Wednesday, 20 May 2015


Olufunmilayo Odumosu Immanuel ,aka ‘Jesus of Oyingbo’, carpenter, property developer, religious visionary, husband to 34 wives, father to dozens. The people around Lagos, Nigeria, called him "Jesus of Oyingbo." He called himself "Immanuel the Christ, Father Abraham and the Light of God."

 He was working as a carpenter when he founded the Universal College of Regeneration in the early 1950's. Before moving to Manor Street, his movement was headquartered in the neighborhood of Oyingbo, which gave him his lasting name.

Jesus of Oyingbo was religiously tolerant, mixing, for example, Christian statues with Islamic and pagan symbols on his compound.

During his life time, he was one of the richest religious leaders in the country! He assured his followers, who accepted him claim of deity, "I shall not die but live and declare the works of the Lord."

Hundreds of his followers once lived on Manor Street, Maryland, Lagos, Nigeria, in buildings called ''Merciful and Mighty'' and ''Everlasting Father,'' surrounded by statues of Christ, Caterpillar tractors, sculptures of lions and mermaids fountain with water spurting from their mouths.

It was an empire befitting the man who, mixing Christianity, paganism and profit, subjecting his followers to form of slavery.  Built his own church and popularized a movement that has put independent churches seemingly on every street corner in Lagos.

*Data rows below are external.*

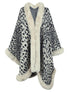 A cape featuring a bold leopard print with faux fur trim and a relaxed fit.
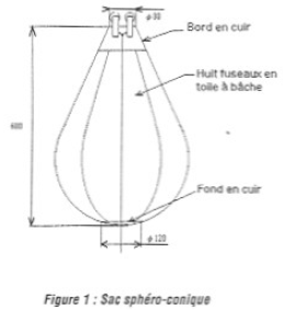 sphéro-conique rempli de billes de verre de 3mm, pour une masse totale de 50kg.
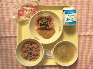 公開日 2026年03月06日 【今日の献立】 お赤飯(ごま塩) 牛乳 かつおフライ ほうれん草のごまあえ きのこのみそ汁 お祝いクレープ 今日は、高等部3年生、中学部3年生、小学部6年生の卒業をお祝いした給食です。 お祝いの食事には欠かせないお赤飯。日本では、赤い色は邪気を払うと考えられており、厄払いや魔よけの意味をこめて、祝いの席にお赤飯がふるまわれるようになったそうです。 高等部3年生にとっては、12年間食べてきた給食もあと1日。最後は、高等部3年生のリクエスト献立です!
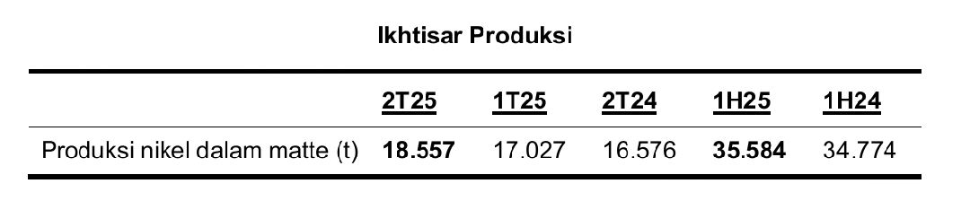 Ke depannya, kami tetap optimis terhadap prospek produksi dan yakin akan kemampuan kami untuk mempertahankan stabilitas operasional sepanjang sisa tahun ini. Perseroan menargetkan total produksi sekitar 71.234 metrik ton (t) nikel dalam matte untuk tahun 2025, meningkat dari target tahun lalu.

 It was alleged that ‘this Jesus’ did not exactly live a holy life and he had numerous scrapes with the law, among them illegal business deals, alleged abductions, and
sexual escapades - including relations with church members wives, even his own grown-up daughters!

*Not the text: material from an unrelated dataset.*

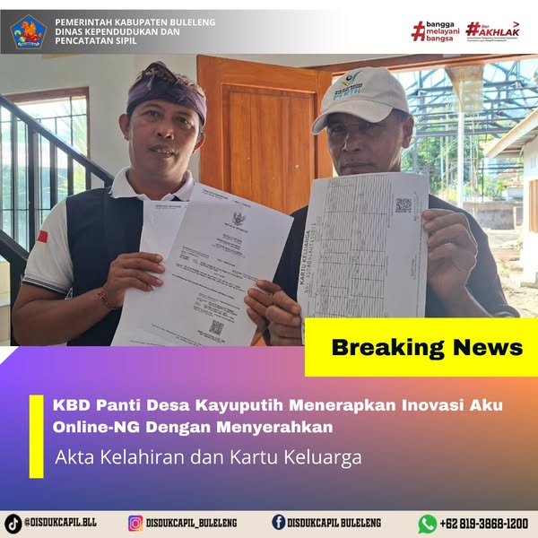Pemerintah Kabupaten Buleleng melalui Dinas Kependudukan dan Pecatatan Sipil (Disdukcapil) Kabupaten Buleleng memaksimalkan serta mempermudah pelayanan kependudukan masyarakat dengan beberapa inovasi, melalui aplikasi AKU Online-NG. Dimana dalam penerapan aplikasi Aku Online-NG tersebut masyarakat tidak perlu lagi datang ke Dinas Dukcapil untuk melakukan pelayanan langsung cukup dengan datang ke Desa nanti akan dibantu oleh operator Desa masing-masing. Di Desa Kayuputih Kecamatan Sukasada, telah diserahkan dokumen kependudukan berupa Akta Kelahiran atas nama Nyoman Madra dan Ketut Korti dan Kartu Keluarga atas nama Nyoman Madra yang diserahkan langsung oleh Kelian Banjar Dinas Panti Desa Kayuputih Kecamatan Sukasada bertempat di kantor Perbekel Desa Kayuputih, Kecamatan Sukasada, Kabupaten Buleleng, Rabu (17/9).

According to one of his son, Seye Immanuel, ''After he died, it stopped,'' Seye Immanuel said. ''Everything stopped.'' The center could not hold, and the place unraveled into factions fighting over the man's legacy and money, pitting longtime members against the children, mothers against sons and daughters. The church fell apart!  But today, in an otherwise well-kept neighborhood has change forever.

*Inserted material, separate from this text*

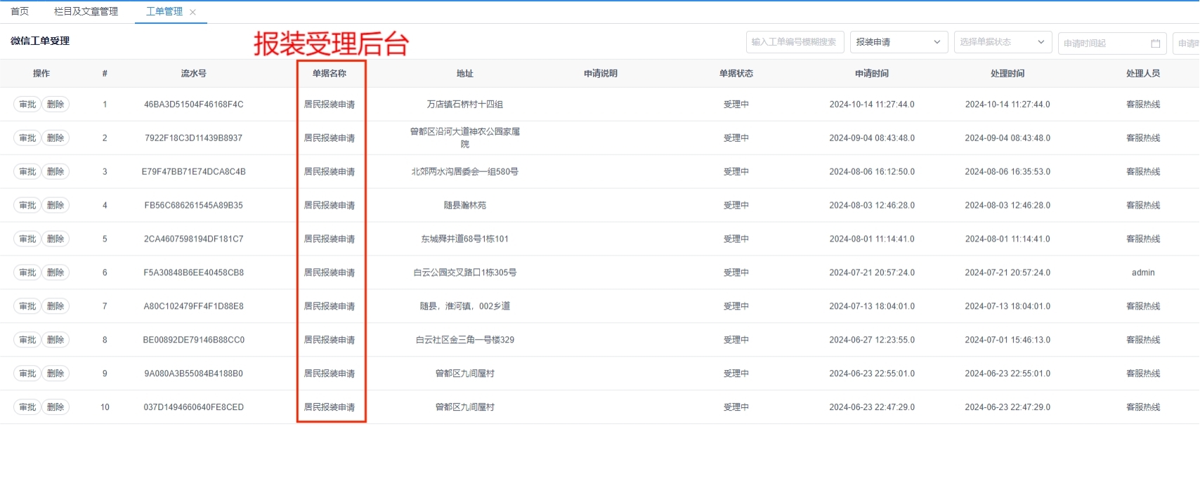 (1)水務(wù)集團服務(wù)后臺操作截圖

In recent years, the eldest son, Olukayade Immanuel, took the longtime members to court, won his lawsuit last, immediately he evicted the members from the mansion. As the legal owner of his entire father's property, he allowed the children to stay. But now they accuse him of neglect and call him a thief.

Olukayade Immanuel has expressed optimism about the future thus: ''Nigeria has survived, and my father's movement will survive,'' he said. Pa odumosu died in 1988, he was aged 73.